_REQUIRED WORK_. Using the listing below, give again exactly the lines from the line with "IAAI Nr: I-44278361" to the line with "9. Растопить маленький", inclusive, without the pictures.

_DATA LISTING_.
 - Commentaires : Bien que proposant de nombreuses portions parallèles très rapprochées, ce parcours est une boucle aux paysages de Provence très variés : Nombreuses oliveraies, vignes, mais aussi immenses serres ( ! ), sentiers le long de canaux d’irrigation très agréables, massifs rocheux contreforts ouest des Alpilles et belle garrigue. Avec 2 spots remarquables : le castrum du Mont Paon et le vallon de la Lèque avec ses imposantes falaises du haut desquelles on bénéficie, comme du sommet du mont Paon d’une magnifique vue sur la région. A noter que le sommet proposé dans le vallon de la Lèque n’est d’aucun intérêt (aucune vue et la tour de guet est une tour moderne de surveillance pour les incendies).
--
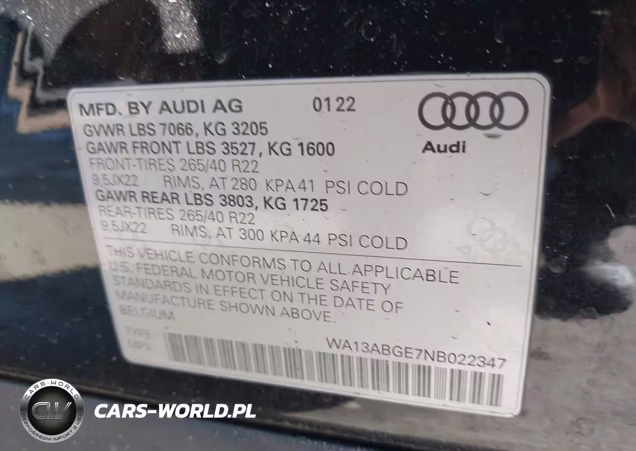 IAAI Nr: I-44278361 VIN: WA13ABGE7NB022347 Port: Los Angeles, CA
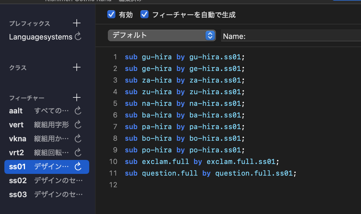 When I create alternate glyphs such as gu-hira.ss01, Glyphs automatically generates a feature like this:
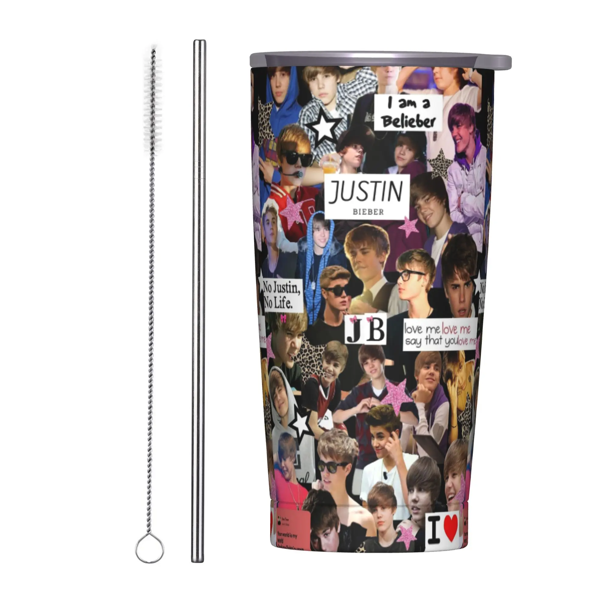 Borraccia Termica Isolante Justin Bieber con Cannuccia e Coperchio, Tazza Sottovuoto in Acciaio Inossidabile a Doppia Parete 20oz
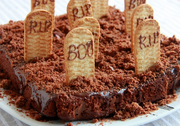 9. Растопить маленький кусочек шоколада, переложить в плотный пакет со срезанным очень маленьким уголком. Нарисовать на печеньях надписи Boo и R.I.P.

_FINISHED TASK_.
 IAAI Nr: I-44278361 VIN: WA13ABGE7NB022347 Port: Los Angeles, CA
 When I create alternate glyphs such as gu-hira.ss01, Glyphs automatically generates a feature like this:
 Borraccia Termica Isolante Justin Bieber con Cannuccia e Coperchio, Tazza Sottovuoto in Acciaio Inossidabile a Doppia Parete 20oz
 9. Растопить маленький кусочек шоколада, переложить в плотный пакет со срезанным очень маленьким уголком. Нарисовать на печеньях надписи Boo и R.I.P.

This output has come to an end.